You need to define your target audience, says Mr Feulner. For him, that means Congress. Heritage’s head office is a short walk from Capitol Hill, on the Senate side. Last year, to make it that little bit easier for members of the House of Representatives to pop in, Mr Feulner opened a second office on the House side. When a bill is being mooted, Heritage supplies ideas. During drafting, Heritage scholars suggest revisions. And when a vote is near, Heritage gives every lawmaker an easily digestible two-page document explaining what the bill contains and what its effects might be. Timing is crucial. “If you put an idea out too early, no one reads it.
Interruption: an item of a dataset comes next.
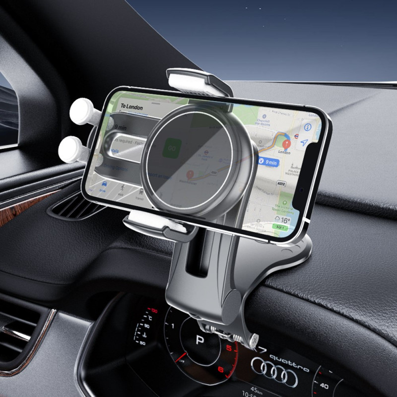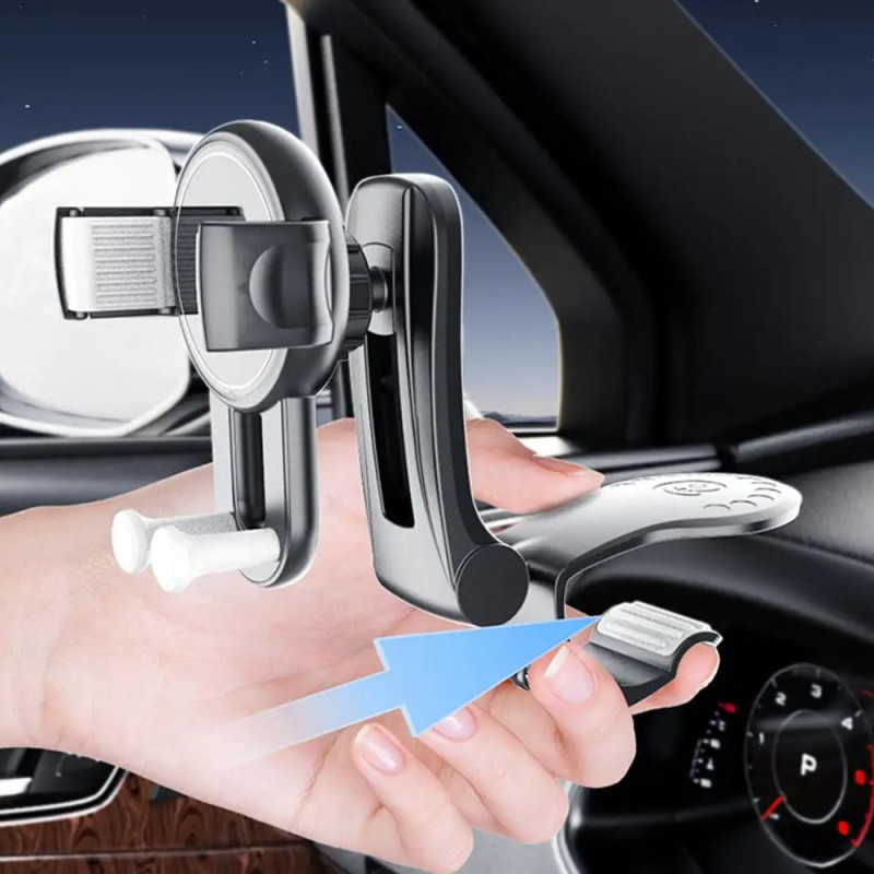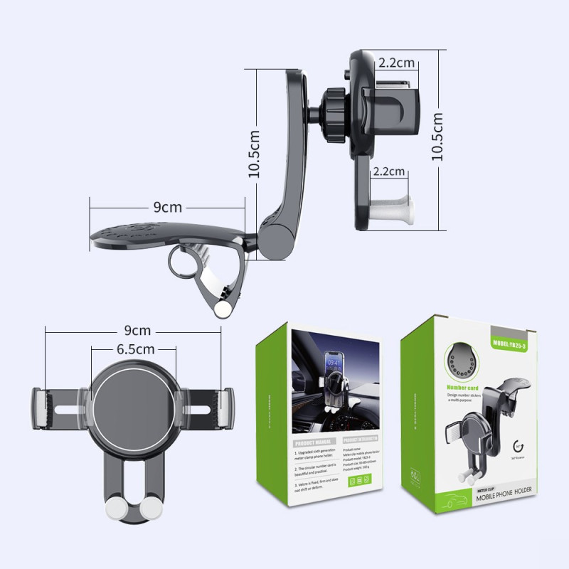 O suporte para telemóvel no painel de instrumentos YB25-3 combina elegância e funcionalidade para uma experiência de condução mais segura e confortável. O seu design elegante integra-se perfeitamente no interior do automóvel, enquanto o seu clipe robusto proporciona uma excelente estabilidade. Ajustável e compatível com a maioria dos smartphones, permite uma instalação rápida com uma só mão e sem ferramentas. Fabricado em ABS e silicone resistentes, mantém o seu dispositivo seguro mesmo em estradas acidentadas e também pode ser utilizado como suporte da placa de estacionamento.

A day too late, you miss the vote,” says Mr Feulner.

American think-tanks are more influential than those in other countries. They helped concoct the Marshall Plan and the Iraq war. They are often well funded. The Brookings Institution, a non-partisan outfit, has an annual budget of $80m. That is 25 times bigger than that of Demos, a rough British equivalent.

More importantly, American think-tanks are closely entwined with government. The president of Brookings, Strobe Talbott, was deputy secretary of state under Bill Clinton. John Podesta, the founder of the Centre for American Progress, a progressive think-tank, was President Clinton’s chief of staff. Dozens of scholars from both institutions joined the Obama administration. A similar revolving door operates between conservative think-tanks and Republican administrations. The interchange creates lines of communication among wonks, lawmakers and the White House. Journalists talk to think-tankers because they know their ideas are taken seriously by those in power.

Debate among think-tankers is usually civil. Facts matter. Conservative and liberal wonks sometimes join forces to promote causes about which they agree. Heritage and Brookings, for example, have a joint venture called the “Fiscal Wake-Up Tour” to educate the public about America’s unsustainable deficits.

Some accuse American think-tanks of an incestuous relationship with politicians, or of forming part of a permanent ruling class. There is some truth in this: think-tankers often stay inside the Beltway (the ring road around Washington, DC) all their working lives. But they are not impervious to elections. Liberal thinkers struggle to influence conservative administrations, and vice versa. And some think-tanks now operate on a global level, where parties matter less and ideas matter even more.